Cable laying vibratory plow assembly

Abstract

A plow assembly for cutting a slit in the ground and simultaneously laying a cable in the slit as the propelling vehicle moves over the ground. The plow assembly has a shaker case containing a pair of counter-rotating eccentric weights for providing a vibratory action to the plow, additional weight means are located rearwardly of the plow and plow frame so as to reduce the amplitude of vibration at the rear end of the assembly, and the assembly also has elastomeric isolation mounts for the shaker case on the plow frame so that the resulting action of all the components is such that the plow blade pivots about a pivot point located rearwardly of the assembly and in a particularly efficient arcuate cutting movement.

Description

BACKGROUND OF THE INVENTION

Many different types of underground cable laying implements have been proposed for simultaneiously cutting a slit in the ground and laying a flexible cable therein and including vibratory means for the plow. While these prior art devices have proved to be successful, they have not always utilized the forces involved to an optimum due to the direction of the vibratory movement of the plow blade. Examples of devices of the prior art type are shown in the U.S. Pat. No. 3,575,006, issued Apr. 13, 1971; U.S. Pat. No. 3,590,588 issued July 6, 1971; or the U.S. Pat. No. 3,363,423 issued Jan. 16, 1968.

SUMMARY OF THE INVENTION

The present invention provides a cable laying vibratory plow which has a plow blade extending downwardly and forwardly in respect to the direction of plow travel and for forming a slit in the ground for the simultaneous insertion of a flexible cable. The plow of the present invention includes a pair of power driven counter-rotating eccentric weights which rotate about horizontal, transverse axes, and are spaced away from one another in a fore and aft direction (in respect to the direction of plow travel); the shaker case which carries the eccentric weights includes elastomeric isolation mounts on the plow frame. The action of these particularly disposed, counter-rotating weights and their axes causes generally vertical shaking forces to be imparted to the plow frame. The plow of the present invention also includes a weight mass located rearwardly of the plow frame and which together with the vibratory action of the eccentric weights and the elastomeric mounting of the shaker case, acts to form an effective pivot point for the plow blade, which point is located rearwardly of the plow frame and tamp wheel. The resulting combination of forces causes the plow frame to swing in a generally arcuate movement about the effective pivot point, thereby providing a particularly efficient cutting action through the soil as the vehicle pulls the plow through the soil. The arrangement is such that the rear mass tends to make the tamp wheel end of the shaker assembly more nearly stationary, thus providing a rearwardly disposed, effective, constant pivot point. The resulting arcuate movement of the plow blade is generally in an upward and forward soil cutting direction, as opposed to purely vertical forces or other forces.

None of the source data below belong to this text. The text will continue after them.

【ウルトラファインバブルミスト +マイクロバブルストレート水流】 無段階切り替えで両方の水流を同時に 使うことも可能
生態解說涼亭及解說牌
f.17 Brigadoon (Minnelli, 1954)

These and other objects and advantages of the present invention will appear hereinafter as this disclosure progresses, reference being had to the accompanying drawings.

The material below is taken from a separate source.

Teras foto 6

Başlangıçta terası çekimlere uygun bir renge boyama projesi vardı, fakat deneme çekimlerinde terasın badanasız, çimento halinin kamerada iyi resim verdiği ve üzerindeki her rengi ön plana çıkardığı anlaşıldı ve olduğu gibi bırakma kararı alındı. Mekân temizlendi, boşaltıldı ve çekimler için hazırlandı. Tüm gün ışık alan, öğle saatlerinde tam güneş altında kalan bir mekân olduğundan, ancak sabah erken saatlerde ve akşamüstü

BRIEF DESCRIPTION OF THE DRAWINGS

FIG. 1 is a side elevational view of the vibrating plow made in accordance with the present invention;

FIG. 2 is a fragmentary, plan view of the device shown in FIG. 1, certain parts being shown as broken away or in section for the sake of clarity;

FIG. 3 is a vertical transverse sectional view taken generally along the line 3--3 in FIG. 2;

FIG. 4 is a sectional view taken on line 4--4 in FIG. 2, but on an enlarged scale;

FIG. 5 is a vertical sectional view taken along the line 5--5 in FIG. 6 and through the shaker case;

FIG. 6 is a horizontal sectional view taken along line 6--6 in FIG. 5;

FIG. 7 is a side elevational view of a vibrating plow made in accordance with the present invention showing a modification of that shown in FIG. 1;

FIG. 8 is a plan view of the plow shown in FIG. 7;

FIG. 9 is an enlarged, fragmentary side elevational view, with parts broken away or in section of the shaker case and pivot connection with the beam as shown in FIG. 7;

FIG. 10 is a transverse, vertical sectional view taken along the line 10--10 in FIG. 9;

FIG. 11 is a fragmentary sectional view taken along the line 11--11 in FIG. 9; and

FIG. 12 is a reduced, fragmentary, exploded view of the rear end of the beam means as shown in FIG. 9.

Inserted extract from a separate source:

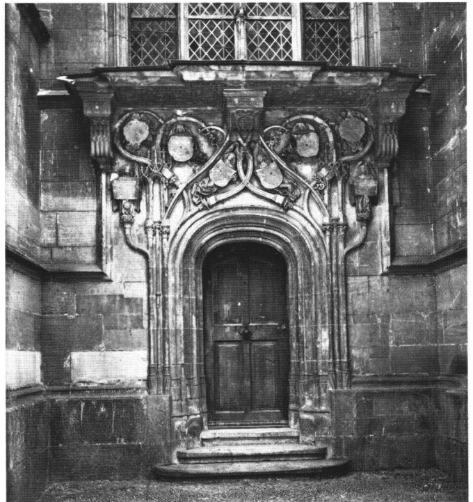
Abb. 5 Schulleissenpforte des Erhart Künig, 1491, Zustand kurz vor der Restaurierung von 1899, Bern, Münster.

Diese Beobachtungen lassen unseres Erachtens sehr gut die Ausgewogenheit der Komposition erkennen, die – trotz der grossen Zerstörung des Objektes – immer noch gut nachvollziehbar ist. Ebenso spürbar bleibt die hohe Qualität des Objektes, das mit zu den künstlerisch hochstehenden

DESCRIPTION OF A PREFERRED EMBODIMENT

One modification of the invention is shown in FIG. 1 and includes tractive vehicle 1 having beam means in the form of an upper pair of arms 2 and a lower pair of arms 3, pairs of arms 2 and 3 being parallel to one another to form a parallel linkage as shown in FIG. 1. Arms 2 are pivoted about the axis 5 on the vehicle, while arms 3 are pivoted about the axis 6 on the vehicle located directly below axis 5. The rear end of arms 2 and 3 are pivoted, respectively, on shaft 7 and 8 to the shaker case 10 of the plow frame F by elastomeric mounts to be referred to.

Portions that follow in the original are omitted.